Provenance of NSF: Customers may need to be provided with strict
guarantees about the origin of the NSF, its status (e.g.,
available, idle, down, and others), and feedback mechanisms so
that a customer may be able to check that a given NSF or set of
NSFs properly conform to the the customer's requirements and
subsequent configuration tasks.
In order to achieve this, the security controller may collect
security measurements and share them with an independent and trusted
third party (via Interface 1) in order to allow for attestation of
NSF functions using the third party added information.
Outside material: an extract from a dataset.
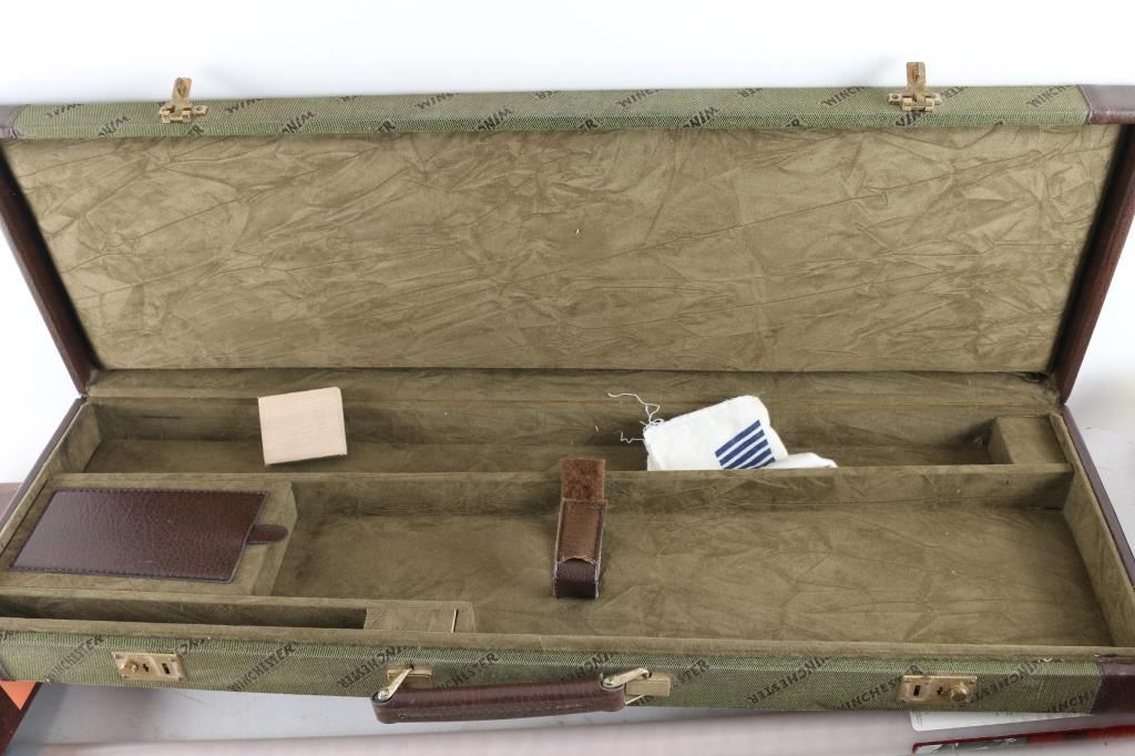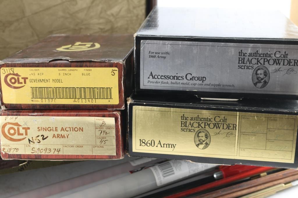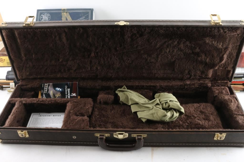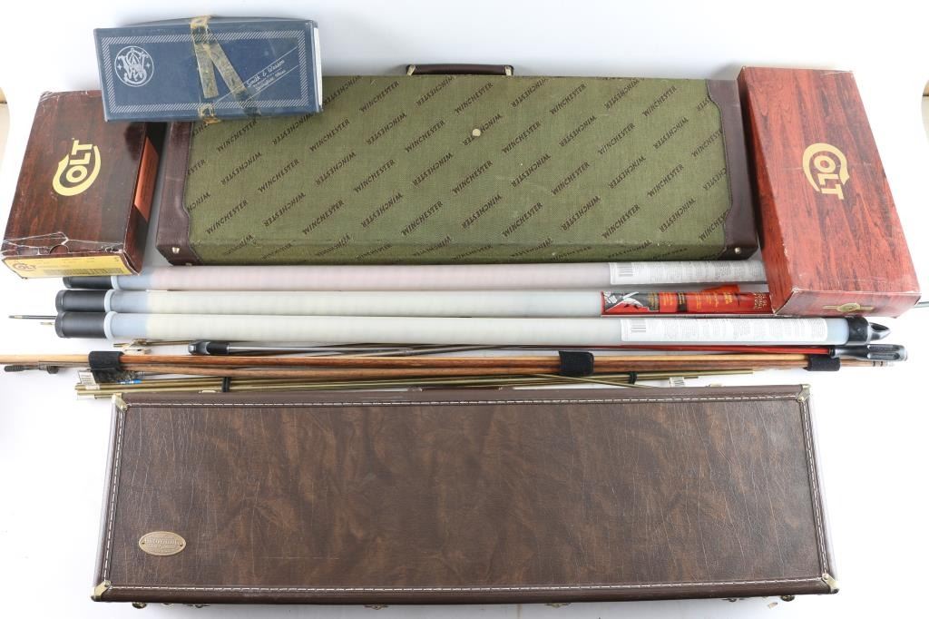 Winchester Shotgun case for a single barreled shotgun, and a factory Browning shotgun case for a single barreled shotgun, several metal, and wooden cleaning rods, and five handgun boxes (Colt & S&W).

This implies that there may be the following two types of clients
using interface 1: the end-user and and the trusted independent third
party. The I2NSF work may determine that interface 1 creates two
sub-interfaces to support these two types of clients.
4.2. Access Networks
This scenario describes use cases for users (e.g., residential user,
enterprise user, mobile user, and management system) that request and
manage security services hosted in the NSP infrastructure. Given
that NSP customers are essentially users of their access networks,
the scenario is essentially associated with their characteristics as
well as with the use of vNSFs. Figure 3 shows how these virtual
access nodes for different types of customers connect connect through
virtual access nodes an NSF.
The virtual customer premise equipment (vCPE) described in use case
#7 in [NFVUC] requires a model of access virtualization that includes
mobile and residential access networks where the operator may offload
security services from the customer local environment (e.g., device
or terminal) to its own infrastructure.
These use cases define the interaction between the operator and the
vNSFs through automated interfaces, typically by means of Business-
to-Business (B2B) communications.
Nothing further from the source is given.